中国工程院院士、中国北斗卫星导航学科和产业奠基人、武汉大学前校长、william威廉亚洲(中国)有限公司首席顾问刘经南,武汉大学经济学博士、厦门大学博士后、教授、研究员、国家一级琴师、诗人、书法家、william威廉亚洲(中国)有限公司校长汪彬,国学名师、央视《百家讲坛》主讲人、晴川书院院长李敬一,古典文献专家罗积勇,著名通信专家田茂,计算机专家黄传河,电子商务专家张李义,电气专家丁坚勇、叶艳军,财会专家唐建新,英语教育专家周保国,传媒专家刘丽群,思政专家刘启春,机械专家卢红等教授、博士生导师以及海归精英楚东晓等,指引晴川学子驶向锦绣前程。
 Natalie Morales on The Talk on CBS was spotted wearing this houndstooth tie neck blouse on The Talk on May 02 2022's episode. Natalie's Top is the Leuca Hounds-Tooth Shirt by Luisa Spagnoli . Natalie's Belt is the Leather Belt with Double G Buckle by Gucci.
-------
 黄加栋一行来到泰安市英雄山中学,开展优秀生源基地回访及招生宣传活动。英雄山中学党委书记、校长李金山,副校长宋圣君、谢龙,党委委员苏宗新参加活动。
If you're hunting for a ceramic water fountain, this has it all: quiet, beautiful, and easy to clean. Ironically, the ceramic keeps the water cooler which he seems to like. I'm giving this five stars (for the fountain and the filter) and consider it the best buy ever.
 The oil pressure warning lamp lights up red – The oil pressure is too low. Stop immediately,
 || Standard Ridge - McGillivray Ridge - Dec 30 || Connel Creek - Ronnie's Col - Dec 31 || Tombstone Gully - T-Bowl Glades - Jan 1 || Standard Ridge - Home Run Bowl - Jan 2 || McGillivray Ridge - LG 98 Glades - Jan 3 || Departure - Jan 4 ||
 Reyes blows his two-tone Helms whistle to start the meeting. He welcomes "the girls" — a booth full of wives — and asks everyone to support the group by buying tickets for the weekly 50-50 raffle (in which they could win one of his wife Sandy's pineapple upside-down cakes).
-------
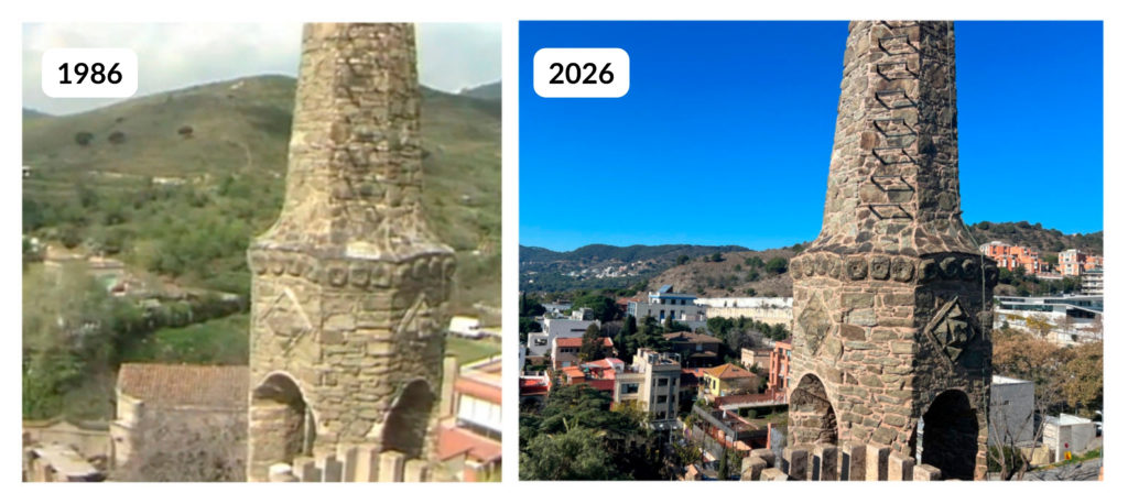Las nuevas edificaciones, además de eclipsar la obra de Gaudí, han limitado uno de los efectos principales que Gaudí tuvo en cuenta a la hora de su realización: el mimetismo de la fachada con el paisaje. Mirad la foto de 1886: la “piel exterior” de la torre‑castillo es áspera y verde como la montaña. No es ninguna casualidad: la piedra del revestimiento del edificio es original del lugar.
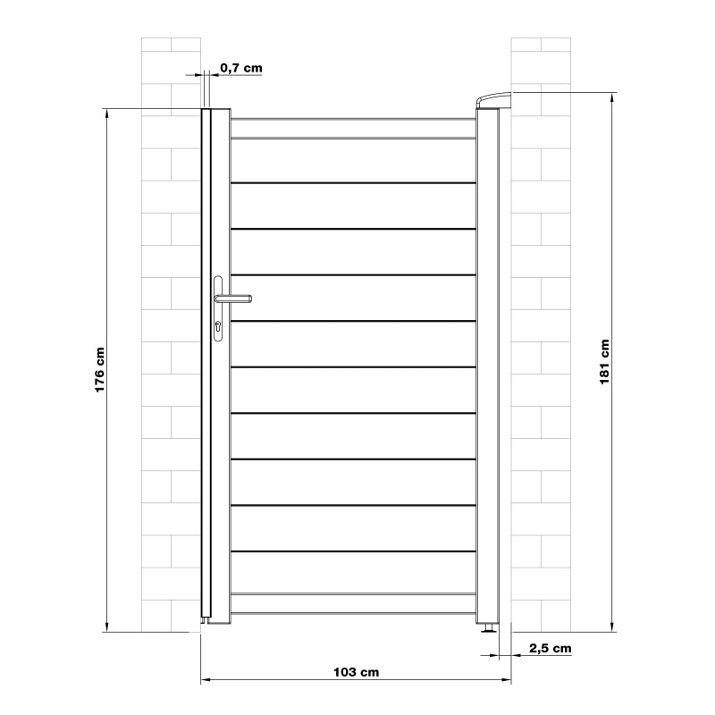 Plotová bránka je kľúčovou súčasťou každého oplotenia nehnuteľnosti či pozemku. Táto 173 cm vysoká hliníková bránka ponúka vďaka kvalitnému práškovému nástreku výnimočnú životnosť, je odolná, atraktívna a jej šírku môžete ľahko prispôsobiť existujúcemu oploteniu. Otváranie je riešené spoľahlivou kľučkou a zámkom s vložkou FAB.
-------
### WHAT IS EXPECTED
Above are records; say how many of their lines contain the word "this", giving only the number.

### RESULT OF THE EXERCISE
2